The thing that looked like a human pried at the sword, pulling upwards, tearing at the ground.
He couldn’t budge the blade either. The human realized the same thing that Tyvon had and turned.
“You must help me! He must not be allowed to live again, no matter the cost.”
The monk fell to his knees with a slight splash, the flood lights flickered and the monk stood again and charged the researcher.
Tyvon shot him in the head and watched him withstand a shot that would melt through both sides of a tank. The human closed distance before Tyvon could get away and the monk grasped both sides of his power armor.
“You must return it, pick up the sword and return it! Put it back. Put it back. Putitbackputitbackputitback-”
The man’s hands were compressing the sides of the power armor, his helmet started flashing red and screaming at him as the metal began deforming under his grip.
Tyvon shot again, slamming another beam into the monk’s face. He punched with his hands and tried to break the monk’s grip unsuccessfully.
Then the lights flickered again and the monk slumped forwards bleeding from his mouth, falling forwards onto the wet ground with a splash.
Were those some kind of combat implants? Anomalous technology to enhance his survivability?
He caught a breath he didn’t know he was holding.
Then he heard a rasping voice behind him. “Who… Are… You…”
He turned, aiming his warp rifle and squatting slightly, preparing to launch himself away from any hostile creatures.
His team did likewise, though they were researchers they were prepared to fight over their prizes and if necessary remove traitors from their midst.
A skeleton stood, dark armor dripping the black liquid that he had just been slouched in.
Some kind of construct? A robot? Warp powered devices were common, they generated a small hole to another dimension filled with energy and used said energy to power both the warp and whatever else it was attached to.
So did the sword sever this construct’s connection to the warp?
Or was that old man just an insane anomalous experiment conducted by different powers yet?
He considered his words carefully, this construct was showing no energy readings similar to the door and conflict was ill advised until they knew more. “I am head researcher Tyvon. Who would you be?”

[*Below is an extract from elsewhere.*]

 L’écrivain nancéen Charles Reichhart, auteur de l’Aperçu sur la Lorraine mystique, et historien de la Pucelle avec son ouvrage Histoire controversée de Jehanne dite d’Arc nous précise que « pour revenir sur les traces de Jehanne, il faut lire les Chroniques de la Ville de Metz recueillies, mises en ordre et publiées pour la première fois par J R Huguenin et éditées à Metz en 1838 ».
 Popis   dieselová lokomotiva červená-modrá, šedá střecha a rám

The skeleton ignored him, its armor shifted slightly and one of the plates fell off into the water with a splash. “Who… Sent… You… Here…”
Tyvon considered his options, “I will answer you if you answer one of my questions first.”

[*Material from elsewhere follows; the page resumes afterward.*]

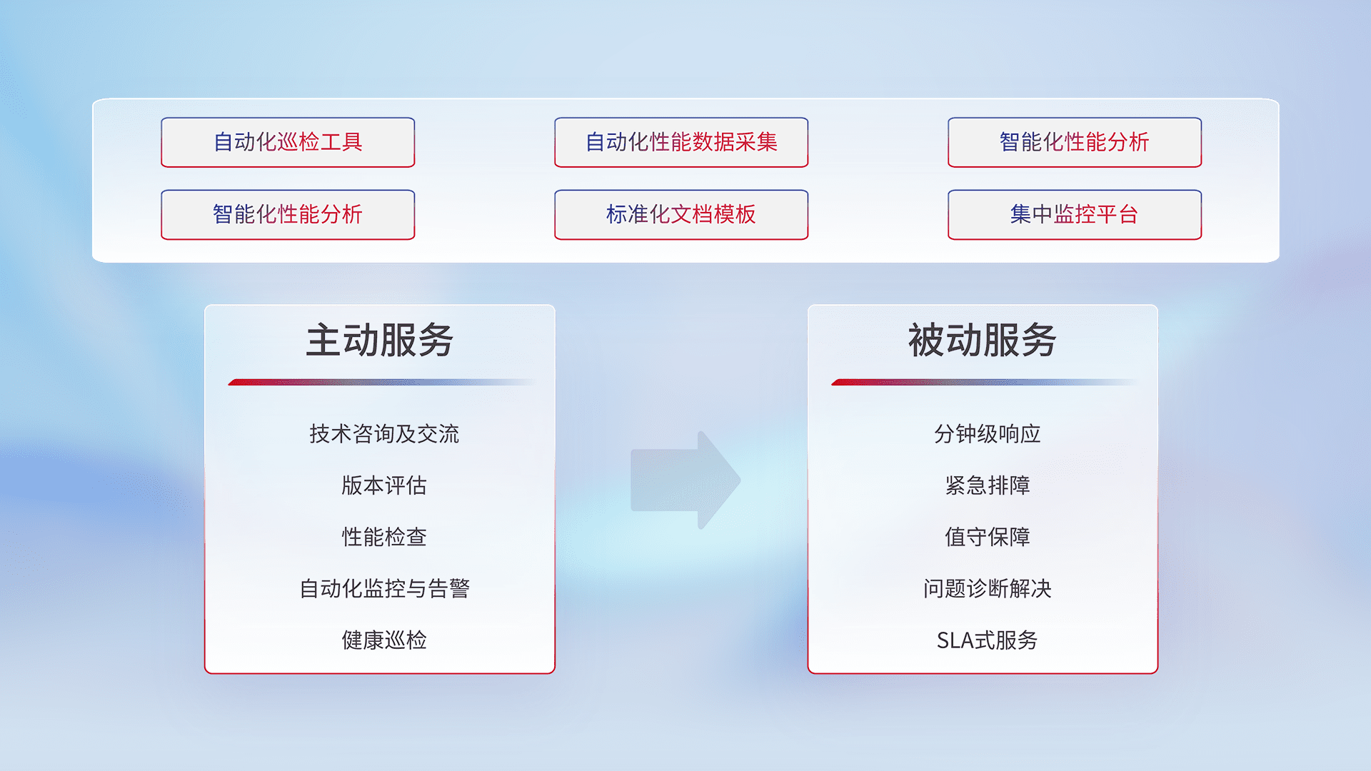 智能化工具和标准化文档,,,保障服务质量,,,,提供主动服务(包含技术咨询、、版本评估、、、、性能检查、、自动化监控与告警、、、健康巡检)和被动服务包含(分钟级响应、、紧急排障、、值守保障、、、、问题诊断解决、、、SLA服务)。。。

The black water seemed to trail up the skeleton, leaving red streaks along the white bone.
Red. Tyvon was reminded that human blood was red. The scarlet that was pouring out of the monk’s mouth, the same color that was crawling up the construct’s legs.
“I.. Accept..” It was taking less time between words, it would be best for him to decide on a course of action while this thing was still clearly weakened.

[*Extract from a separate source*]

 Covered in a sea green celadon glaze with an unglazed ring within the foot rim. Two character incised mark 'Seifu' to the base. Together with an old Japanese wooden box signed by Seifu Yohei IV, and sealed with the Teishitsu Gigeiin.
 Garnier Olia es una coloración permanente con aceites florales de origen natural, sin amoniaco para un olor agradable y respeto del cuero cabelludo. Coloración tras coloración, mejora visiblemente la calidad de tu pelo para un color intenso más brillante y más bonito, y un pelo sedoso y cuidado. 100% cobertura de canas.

“Why were you imprisoned here?” the real information he needed right now.
If he had time and didn’t feel his chitinous scales crawling he might have asked how it was speaking a modern language to him without connecting to his coms system. He shouldn’t be able to hear anything without it going through his helmet first, and it should come out to him as a level and monotone voice.
Not the rattling gasps that the construct spoke in.
“I. Brought. Death.” It pulled in another breath, as if through a hose. “Why. Have. You. Come.”
He decided on a half answer. “To learn of this place, why it was made and through what methods.”
“Yet. You. Destroyed. My. Throne. To. Get. A. Weapon.” Blood began trickling into the skeleton’s empty eye sockets. “You. All. Hold. The. Mark. Of. Conquerors.”
That did not sound good, “All units retreat, prioritize information delivery over search and rescue.” He switched coms, “Squad, staggered formation, prepare for melee, if necessary sacrifice any members who end up grappled to score damage on the enemy.”
Then he addressed the skeleton. “What does the mark of conquerors mean?”
The grinning skeleton shifted to stare directly into Tyvon’s eyes.
“Competition.”
The walls and floors collapsed with the force of a volcano and an ocean of blood tore into the room with enough force to vaporize everything before it.
Everything other than one laughing skeleton.